Copy each line below exactly as it appears. Pictures are to be omitted.

*** Data Section Begins ***

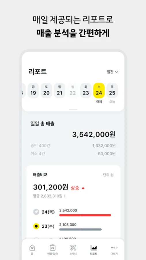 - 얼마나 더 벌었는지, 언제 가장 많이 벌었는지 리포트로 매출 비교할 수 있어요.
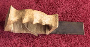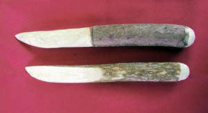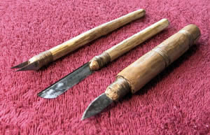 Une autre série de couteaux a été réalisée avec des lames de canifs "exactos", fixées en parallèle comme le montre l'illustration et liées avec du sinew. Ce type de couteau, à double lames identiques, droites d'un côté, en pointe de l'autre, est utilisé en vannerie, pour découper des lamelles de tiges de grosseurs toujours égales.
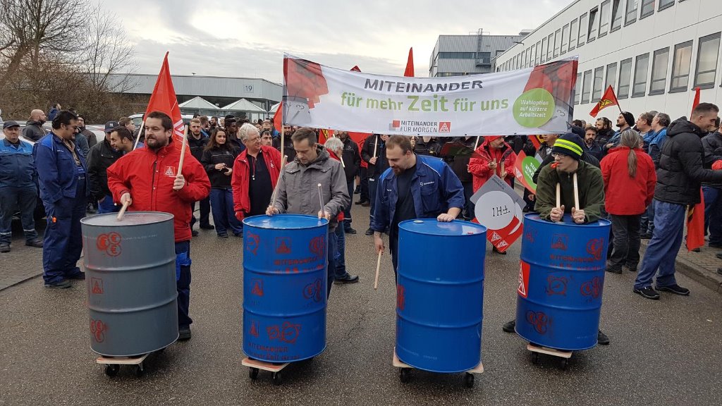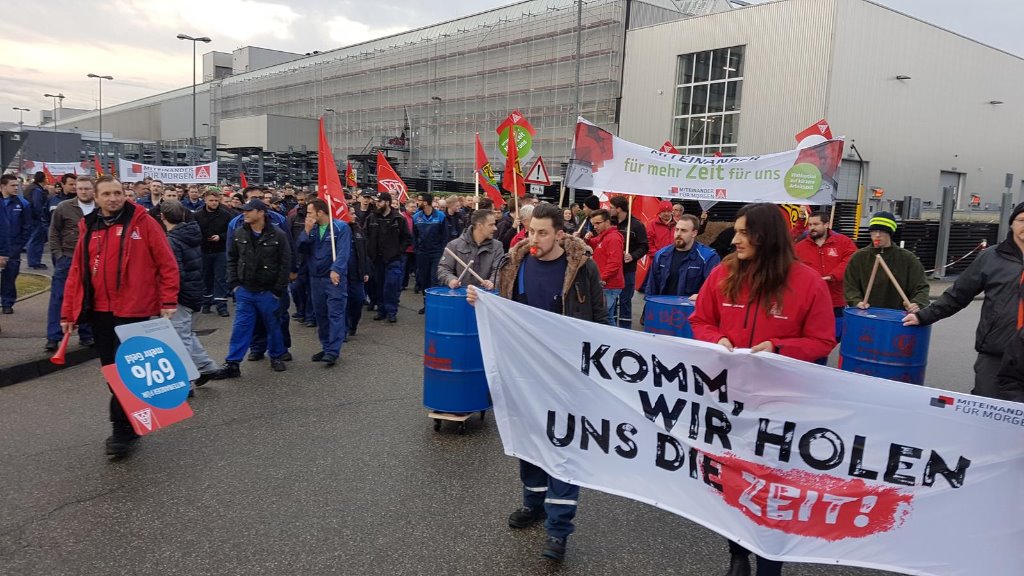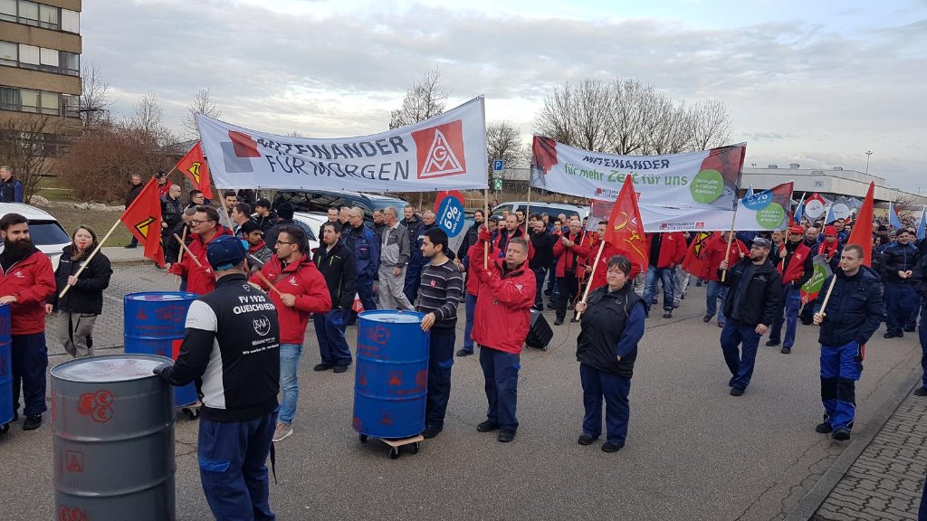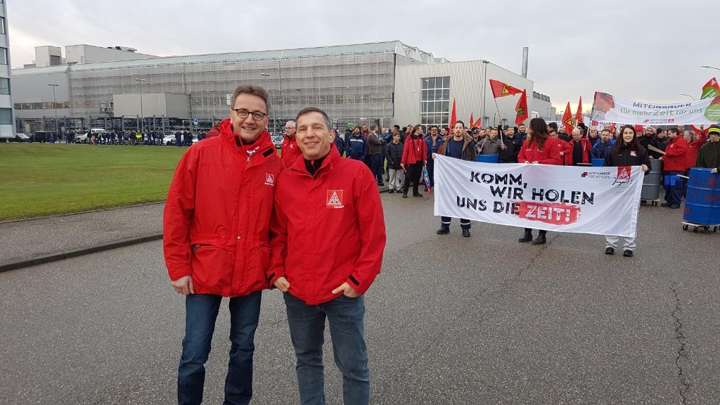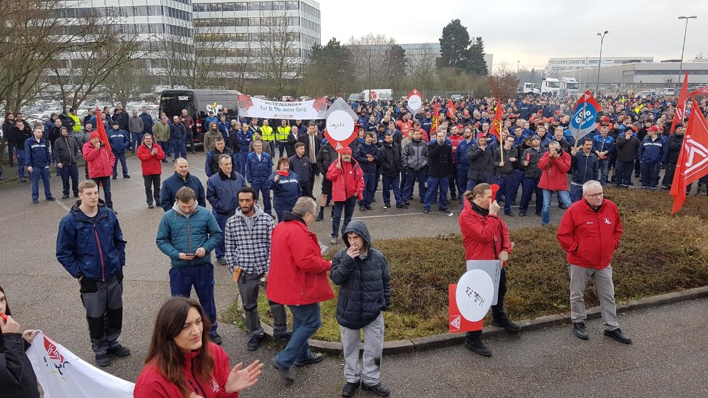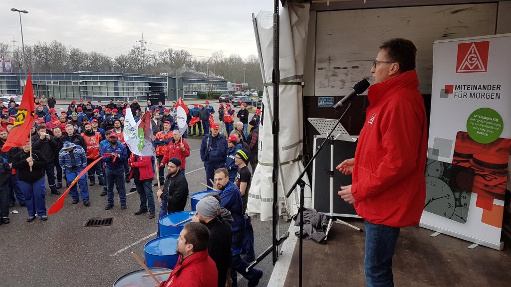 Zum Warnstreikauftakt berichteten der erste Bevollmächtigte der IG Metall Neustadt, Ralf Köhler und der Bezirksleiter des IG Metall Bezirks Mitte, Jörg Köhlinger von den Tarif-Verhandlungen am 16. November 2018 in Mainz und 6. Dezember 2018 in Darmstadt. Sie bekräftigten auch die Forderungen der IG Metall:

*** Data Section Ends ***

* [Solution to the exercise]
 - 얼마나 더 벌었는지, 언제 가장 많이 벌었는지 리포트로 매출 비교할 수 있어요.
 Une autre série de couteaux a été réalisée avec des lames de canifs "exactos", fixées en parallèle comme le montre l'illustration et liées avec du sinew. Ce type de couteau, à double lames identiques, droites d'un côté, en pointe de l'autre, est utilisé en vannerie, pour découper des lamelles de tiges de grosseurs toujours égales.
 Zum Warnstreikauftakt berichteten der erste Bevollmächtigte der IG Metall Neustadt, Ralf Köhler und der Bezirksleiter des IG Metall Bezirks Mitte, Jörg Köhlinger von den Tarif-Verhandlungen am 16. November 2018 in Mainz und 6. Dezember 2018 in Darmstadt. Sie bekräftigten auch die Forderungen der IG Metall:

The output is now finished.